Максим уловил, однако, что не донес до племянника, что хотел донести. Помолчал.
— Видишь, Григорий… Я понимаю, тебе эта история не является наукой… Но, знаешь, я и на войне заметил: вот такие вот, как тот Ванька, мно-ого нам дела сделали. Они всю войну на себе держали, правда. Перед теми, кто только на словах-то, перед имя же не совестно, а перед таким вот стыдно. Этот-то, он ведь все видит. Ты ему не словами, делом доказывай… Делом доказывай, тогда он тебе душу свою отдаст, Конечно, история… не ах какая, но, думаю, выбрали тебя в руководители, дай, думаю, расскажу, как я, к примеру, это дело понимаю. А? — Максим посмотрел прямо в глаза племяннику, непонятно и значительно как-то усмехнулся. — Ничего, поймешь что к чему. Пой-ме-ешь.
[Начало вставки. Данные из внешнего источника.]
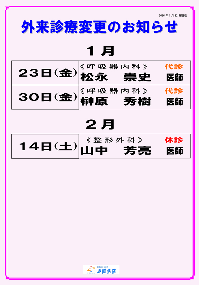 Information「外来診療変更のお知らせ(1月22日版)」掲載

— Что потом с этим Ванькой стало? — спросил Григорий.
— А не знаю. Уехали они опять куда-то. Вскорости и уехали. Да разве дело в том Ваньке! Их таких много. Хотя я тогда прямо полюбил того Ваньку, честное слово. Прямо обожал его. А он еще и… это… не нахальный был. Жили они беднова-то, иной раз и пожрать нечего было. Я не знаю… чего-то мотались по свету… Так вот, принесешь ему пирог какой-нибудь, он аж покраснеет. «Брось, — говорит, — зачем?» Застесняется. Я люблю таких… Уехали потом куда-то. А я вот его всю жизнь помню, вот же как.
— История твоя не лишена, конечно, смысла, — сказал Григорий.
— Не лишена, нет, — Максим кивнул головой согласно. Но оттого, что история его не вышла такой разительной и глубокой, какой жила в его душе, он скис, как-то даже отрезвел и погрустнел. — Не лишена, Гриша, не лишена. На словах я тебе могу только одно сказать: не трусь. Как увидют, что не трусишь, так станут люди поддерживать…
— Ну, одной смелости тут тоже, наверно, мало.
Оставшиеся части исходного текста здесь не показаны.